Smith also won praise for his vivid cinemtography on Nicolas Winding Refn’s Bangkok crime drama Only God Forgives, starring Ryan Gosling. It’s also part of the festival and is anchored by a solid performance from Thai actor Vithaya Pansringarm, portraying a mystical avenging-angel vigilante.
Another world premiere will be Glory Days, a shaggy-dog comedy about a broken-up 1990s American rock band that’s offered a deal to reunite for reality TV. The lads end up in Pattaya, where they aim to turn back the clock on their mid-life crises. Long in the works, it’s directed by pop-music scion Roy Alfred Jr. Producers include veteran Thailand-based casting director Kaprice Kea, Ivy Isenberg and Tim Carr, a music-industry veteran who died in Pattaya a year ago.
An ambitious adaptation of Joseph Conrad’s The Secret Sharer will also flicker to life for the first time. Directed by Peter Fudakowski, producer of the Oscar-winning Tsotsi, The Secret Sharer involves a troubled ship’s captain (Jack Laskey) who rescues a young Chinese woman (Zhu Zhu from Cloud Atlas) from the sea.
Most of the foreign film productions in Thailand are Indian, and among those from the past year was Bhaag Milkha Bhagg, an award-winning biopic of “the Flying Sikh”, runner Milka Singh, who represented India in three Olympics and won a gold medal at the Commonwealth Games.
Hong Kong and Chinese cinema have long had close ties to Thailand, ties perhaps best represented by Hong Kong twins Danny and Oxide Pang, who started their careers working in Thailand with such films as the original Bangkok Dangerous and The Eye.
The Pang brothers' latest is Out of Inferno, which has Bangkok standing in for a southern China metropolis. The disaster drama follows firefighters battling a high-rise blaze on the hottest day in 50 years. Notably, it'll be screened in 3D.
Also from Hong Kong/China is Benny Chan's The White Storm, about an undercover Chinese cop infiltrating a drugs gang in Thailand. Sean Lau, Louis Koo and Nick Cheung star. Among the local talents taking part in the film is transgender beauty queen “Poy” Treechada Petcharat, who has a huge fanbase in China and Hong Kong.

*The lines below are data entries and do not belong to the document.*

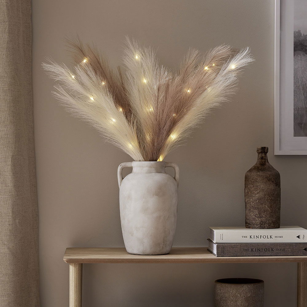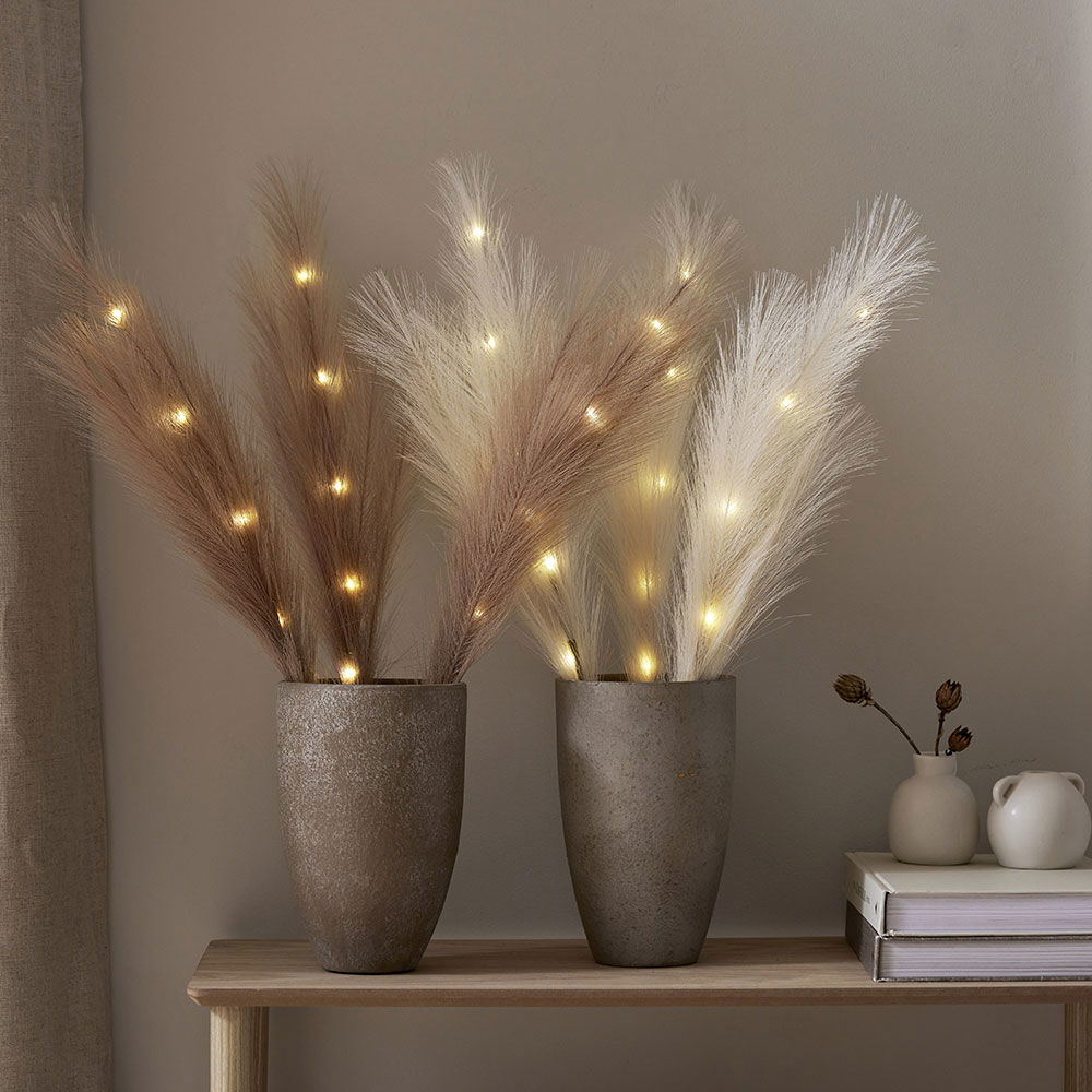 Batteridriven inomhusdekoration med konstgjorda större fjädrar i brunt.
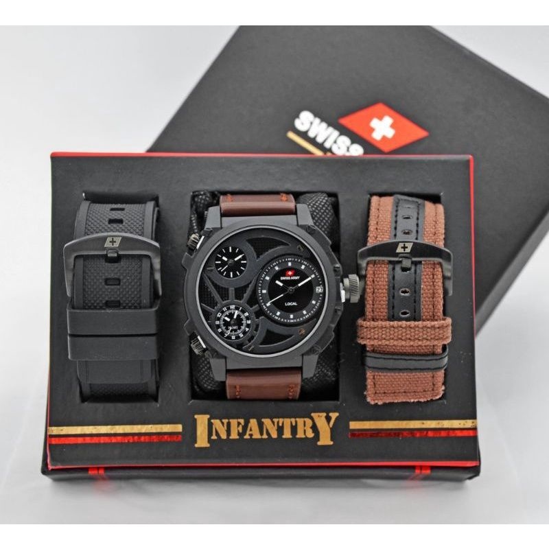 Jam Tangan Pria Swiss Infinity 3Time Kulit Set Paket
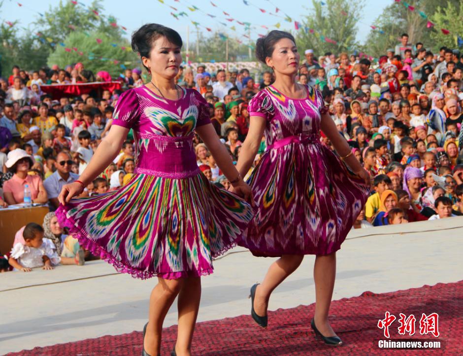 Farmers and herdsmen display ethnic costumes in Yaha town of Kuqa county, Xinjiang on Aug. 20, 2014. (Chinanews/Fan Hongying)
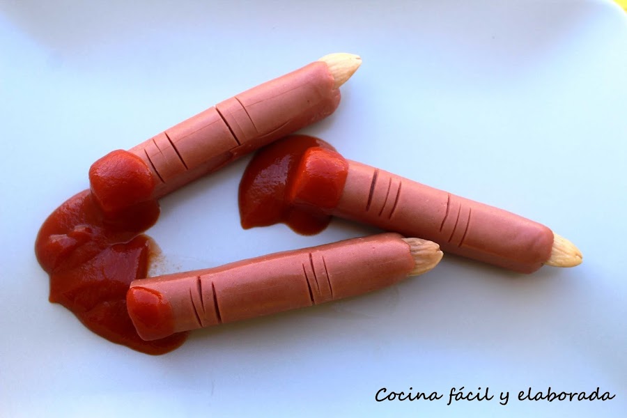 Segunda entrega de las recetas supersencillas para la noche de Halloween. Esta es tan fácil que no vais a tardar más de dos o tres minutos en prepararla. Con solo 3 ingredientes tenéis una receta para asustar a todos los comensales, jeje. Hoy os traigo unos dedos de bruja que se hacen con salchichas, tomate frito y unas almendras tostadas, más fácil imposible. Esta receta se la dedico a mi sobrino Juan.

The theme of this year’s festival is “Thailand – Take 2 – Action!” And in keeping with that, many films will showcase the talent of Thai stunt performers. They range from older films like Street Fighter: The Legend of Chun Li to big-screen premieres of direct-to-video sequels like the well-regarded Ninja: Shadow of a Tear, starring Scott Adkins.

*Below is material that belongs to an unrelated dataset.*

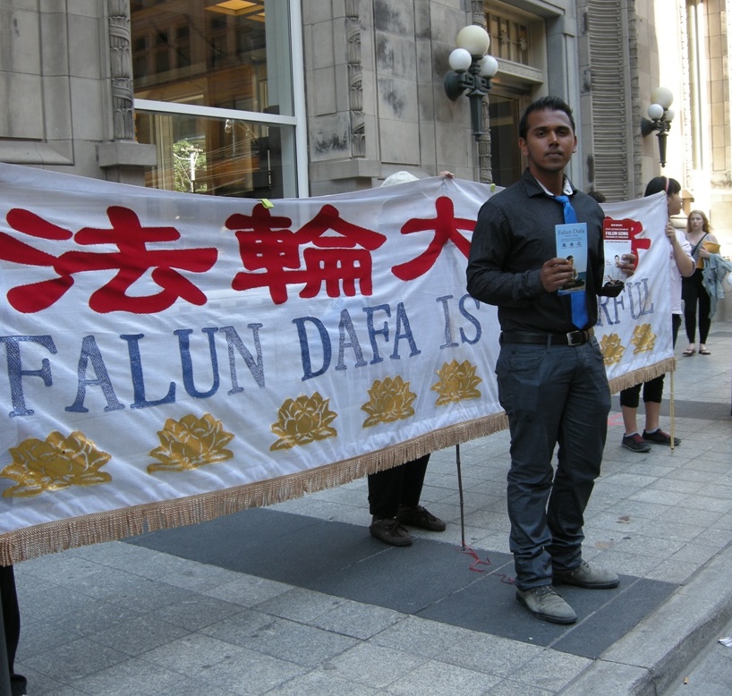 任职于加拿大大银行之一满地可(BMO)银行的Rid Mamun先生在工作之余走到街上,看到法轮功学员举的横幅后,就不停地给法轮功学员和横幅照相。他说:“我觉得应该立即制止这场迫害,没有人有权利去夺走别人的生命!”
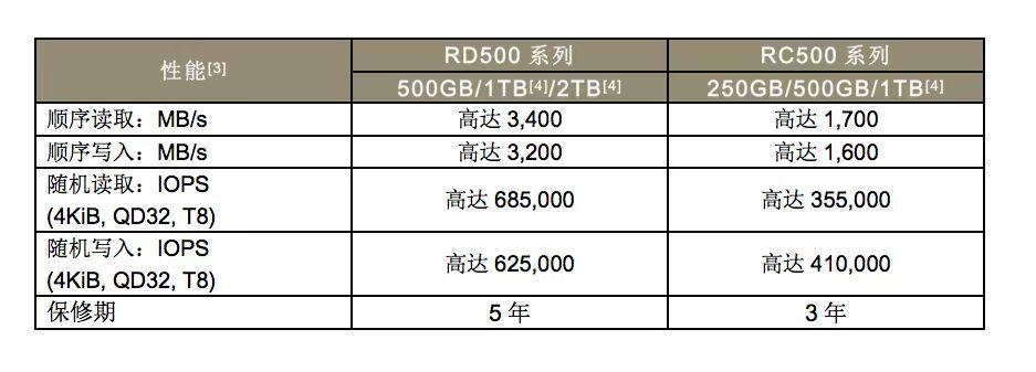 RC500系列採用4通道控制器,其開發之初即旨在提供比SATA更快的性能,非常適合於主流電腦需要更快解決方案的用戶。RC500系列單側模塊的容量高達1000GB/1TB,實現了一流的隨機性能[2]。

There's also the cheese-laden cable-TV staple The Scorpion King 3, which features Krystal Vee, a Thai starlet who is the current reigning queen of international film productions in Thailand. She also appears in Street Fighter, Trafficker and another festival entry, The Lazarus Papers, a thriller that also stars Gary Daniels, Danny Trejo and Bai Ling.
Also premiering will be A Stranger in Paradise, a crime thriller directed by Corrado Jay Boccia and starring Colin Egglesfield, Catalina Sandino Moreno, Byron Mann and Stuart Townsend.

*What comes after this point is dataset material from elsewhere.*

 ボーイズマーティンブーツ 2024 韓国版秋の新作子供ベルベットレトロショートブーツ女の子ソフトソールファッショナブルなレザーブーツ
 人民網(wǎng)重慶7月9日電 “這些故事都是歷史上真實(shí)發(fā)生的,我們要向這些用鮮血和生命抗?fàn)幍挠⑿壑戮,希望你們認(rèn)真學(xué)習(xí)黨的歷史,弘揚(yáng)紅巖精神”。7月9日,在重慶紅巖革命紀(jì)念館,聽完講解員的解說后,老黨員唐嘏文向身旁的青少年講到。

And there's the apocalyptic thriller The Mark: Redemption, directed by James Chankin and starring Craig Sheffer, Sonia Couling, Eric Roberts and Gary Daniels.
Many of the screenings will have question-and-answer sessions with the film crews.
As with last year’s first edition of the Thailand International Destination Film Festival, the centerpiece is the Amazing Thailand Film Challenge, in which dozens of young filmmakers from around the region are given airfare, four nights’ accomodation, a budget of 30,000 baht and local production support to make short films and compete for prizes totalling 1.2 million baht.
The Thailand International Film Destination Festival has three screenings daily from April 22 to 28 at Paragon Cineplex. All are free.